INFORMATION SHOWN
* * *

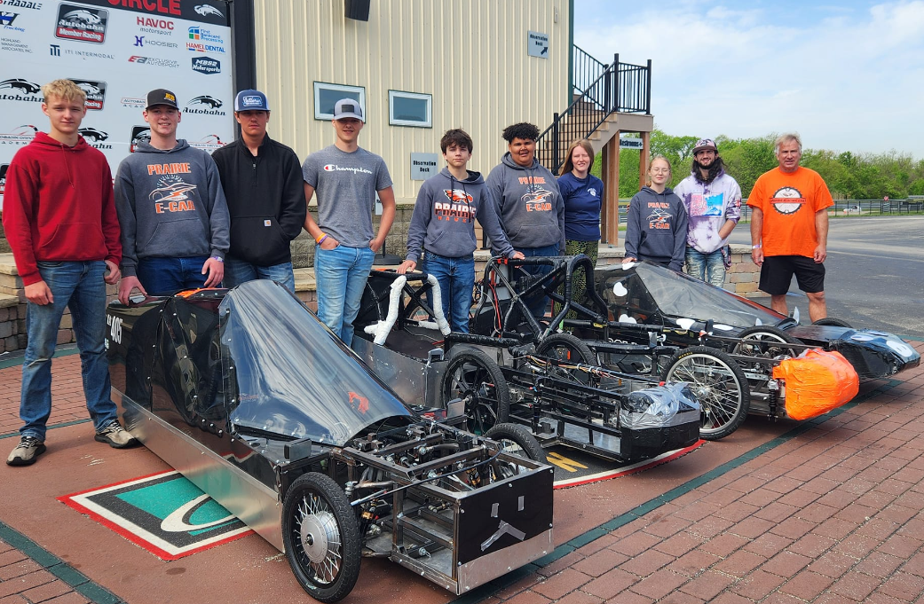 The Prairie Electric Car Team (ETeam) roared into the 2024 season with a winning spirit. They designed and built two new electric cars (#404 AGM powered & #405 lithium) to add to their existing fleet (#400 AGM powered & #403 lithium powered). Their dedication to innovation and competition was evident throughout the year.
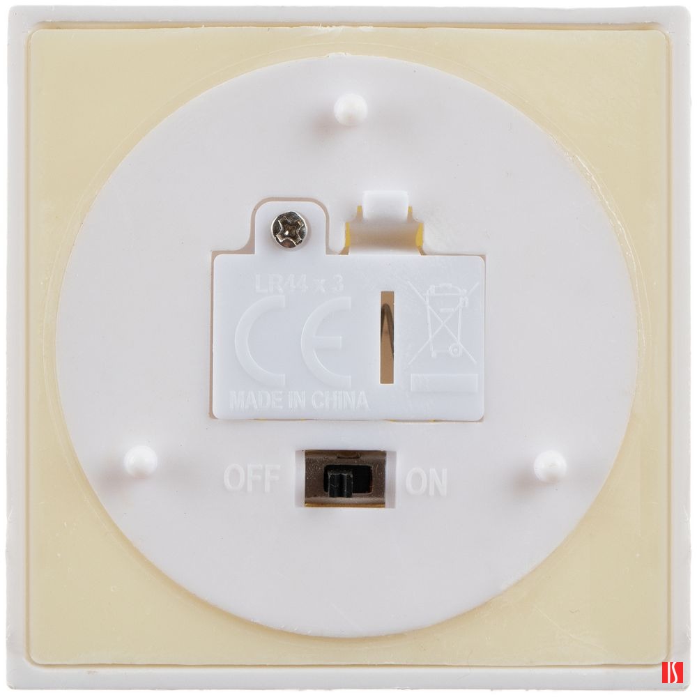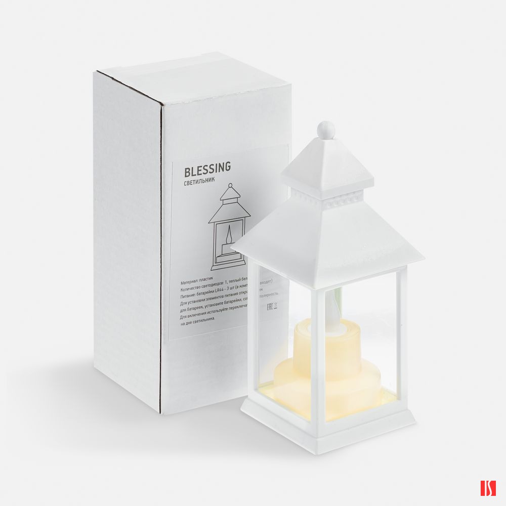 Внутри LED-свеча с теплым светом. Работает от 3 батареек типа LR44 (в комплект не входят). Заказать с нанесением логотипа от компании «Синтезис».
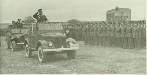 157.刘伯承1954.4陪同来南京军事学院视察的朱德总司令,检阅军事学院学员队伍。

* * *

WHAT IS EXPECTED
Copy out all the data exactly; skip the pictures.

EXPECTED OUTPUT
 The Prairie Electric Car Team (ETeam) roared into the 2024 season with a winning spirit. They designed and built two new electric cars (#404 AGM powered & #405 lithium) to add to their existing fleet (#400 AGM powered & #403 lithium powered). Their dedication to innovation and competition was evident throughout the year.
 Внутри LED-свеча с теплым светом. Работает от 3 батареек типа LR44 (в комплект не входят). Заказать с нанесением логотипа от компании «Синтезис».
 157.刘伯承1954.4陪同来南京军事学院视察的朱德总司令,检阅军事学院学员队伍。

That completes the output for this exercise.